▶ _Your objective_
Copy every entry below exactly as it appears, leaving out the images.

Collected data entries
--------------------
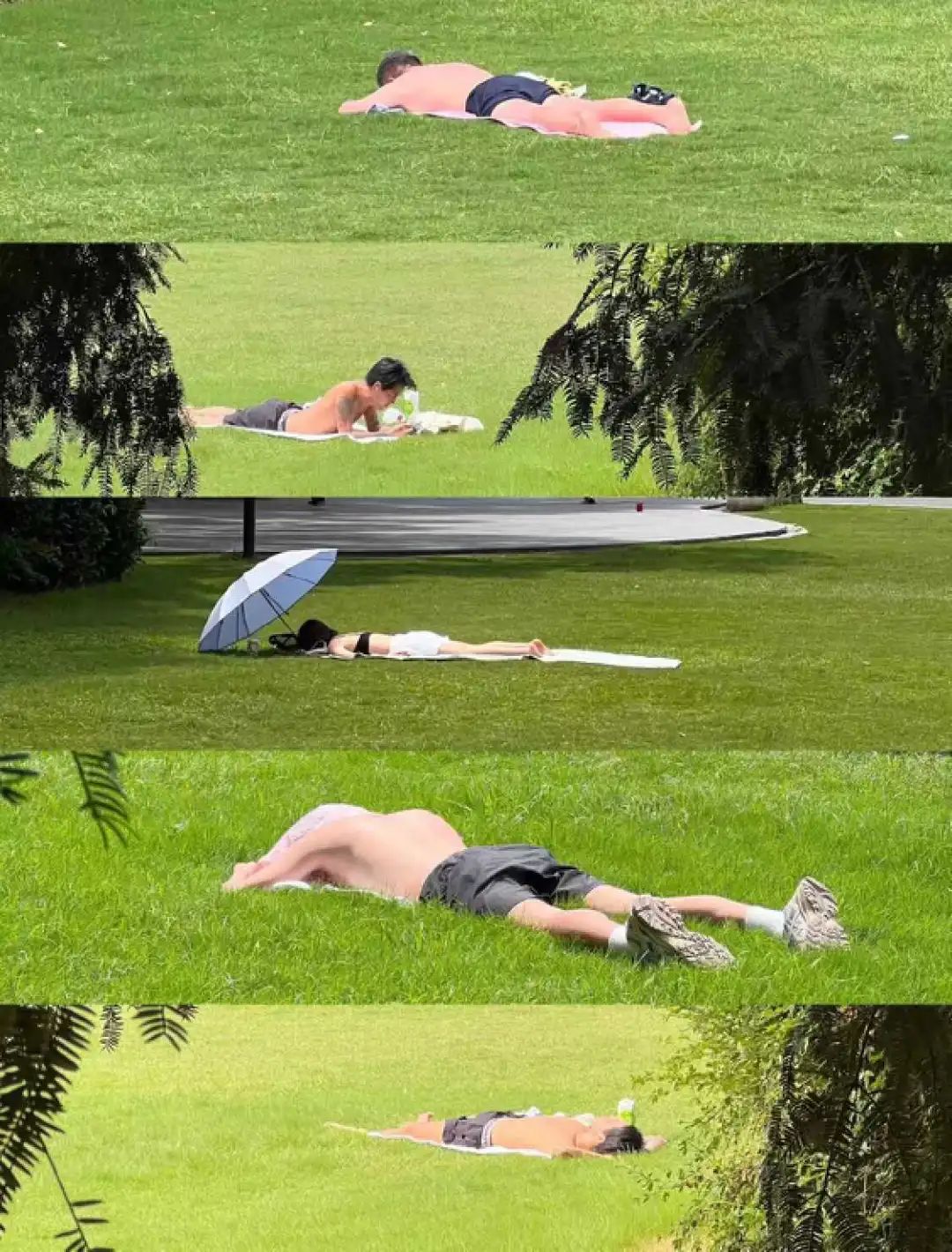 今年夏天公園草地上一排光膀子也是他們推崇的養生方式,所謂“三伏天曬背”就是人類進化出的光合作用,祛濕補氣,趴那就能冥想。
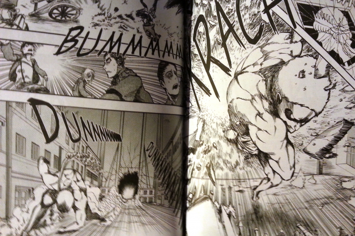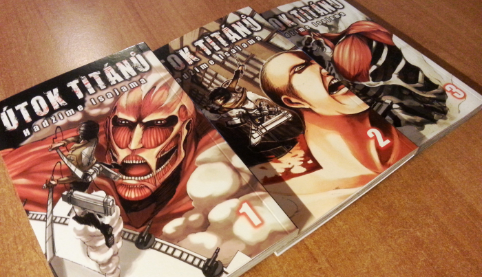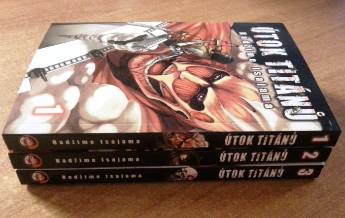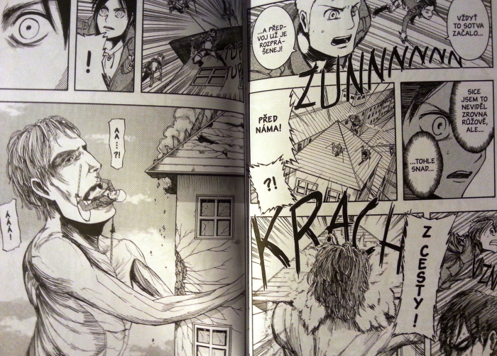 Prozatím u nakladatelství Crew vyšly tři díly manga, autor sám slibuje přes dvacet svazků. Není to taková tragédie jako u Naruta, který má přes sedmdesát knih. Sama nemám moc v oblibě přebytečné kvantum postav, které navíc v Isajamově kresbě občas nelze dobře pochytit, ale některé z nich časem začnou být docela sympatické. Obzvlášť když se zvládnete prokousat prvními třemi díly. S kresbou se podle mě Isajama v každé knize zlepšuje, i když je akce místy pořád dost nepřehledná. Aby to od začátku až do konce nebyl jen samý boj, požírání lidí a umírání, dávkuje do děje průběžně vzpomínkové flashbacky. Je vcelku dobrým vypravěčem. Tedy, dobrým…
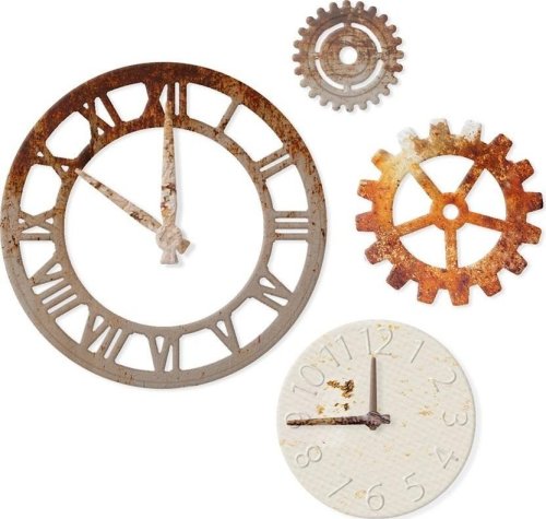 Zestaw składający się 7 wykrojników z motywami zegara, trybików oraz wskazówek. Pozwolą Ci pięknie ozdobić wiele projektów rękodzielniczych takich jak prace scrapbookingowe oraz home decor np. albumy oraz ramki. Prezentowane w zestawie wzory są bardzo uniwersalne i pasują do rozmaitych projektów na przeróżne okazje.
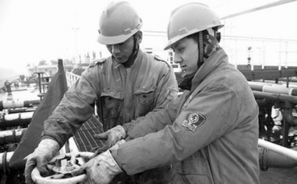 下图 2月14日,中国长航南京油运股份有限公司大庆454轮船员顶着风雪在甲板上进行卸油作业。中国长航南京油运股份有限公司的众多船员放弃春节假期,坚守在各自的岗位上。
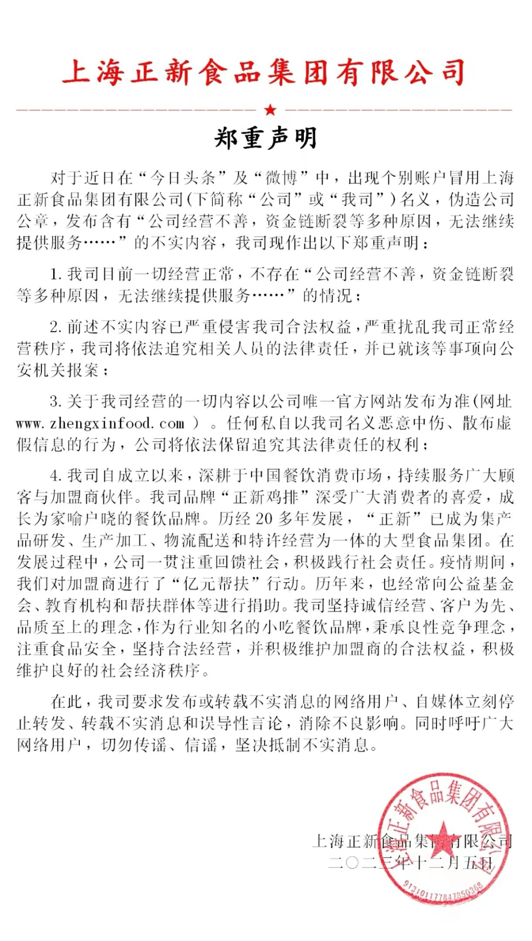12月5日深夜,针对近期网络不实内容,正新鸡排母公司正新集团发布声明称,对于近日在“今日头条”及“微博”中,出现个别账户冒用上海正新食品集团有限公司(下简称“公司”或“我司”)名义,伪造公司公章,发布含有“公司经营不善,资金链断裂等多种原因,无法继续提供服务……”的不实内容。
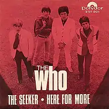Released in the UK as track 604036 on 21 March 1970, "The Seeker" reached number 19 in the charts. Released in the US as Decca 7-32670, it hit the Billboard charts on 11 April 1970, eventually peaking at number 44.[5] The B-side, "Here for More", is one of the few Who songs written by lead singer Roger Daltrey.
--------------------
▶ _Output for this exercise_
 今年夏天公園草地上一排光膀子也是他們推崇的養生方式,所謂“三伏天曬背”就是人類進化出的光合作用,祛濕補氣,趴那就能冥想。
 Prozatím u nakladatelství Crew vyšly tři díly manga, autor sám slibuje přes dvacet svazků. Není to taková tragédie jako u Naruta, který má přes sedmdesát knih. Sama nemám moc v oblibě přebytečné kvantum postav, které navíc v Isajamově kresbě občas nelze dobře pochytit, ale některé z nich časem začnou být docela sympatické. Obzvlášť když se zvládnete prokousat prvními třemi díly. S kresbou se podle mě Isajama v každé knize zlepšuje, i když je akce místy pořád dost nepřehledná. Aby to od začátku až do konce nebyl jen samý boj, požírání lidí a umírání, dávkuje do děje průběžně vzpomínkové flashbacky. Je vcelku dobrým vypravěčem. Tedy, dobrým…
 Zestaw składający się 7 wykrojników z motywami zegara, trybików oraz wskazówek. Pozwolą Ci pięknie ozdobić wiele projektów rękodzielniczych takich jak prace scrapbookingowe oraz home decor np. albumy oraz ramki. Prezentowane w zestawie wzory są bardzo uniwersalne i pasują do rozmaitych projektów na przeróżne okazje.
 下图 2月14日,中国长航南京油运股份有限公司大庆454轮船员顶着风雪在甲板上进行卸油作业。中国长航南京油运股份有限公司的众多船员放弃春节假期,坚守在各自的岗位上。
12月5日深夜,针对近期网络不实内容,正新鸡排母公司正新集团发布声明称,对于近日在“今日头条”及“微博”中,出现个别账户冒用上海正新食品集团有限公司(下简称“公司”或“我司”)名义,伪造公司公章,发布含有“公司经营不善,资金链断裂等多种原因,无法继续提供服务……”的不实内容。
Released in the UK as track 604036 on 21 March 1970, "The Seeker" reached number 19 in the charts. Released in the US as Decca 7-32670, it hit the Billboard charts on 11 April 1970, eventually peaking at number 44.[5] The B-side, "Here for More", is one of the few Who songs written by lead singer Roger Daltrey.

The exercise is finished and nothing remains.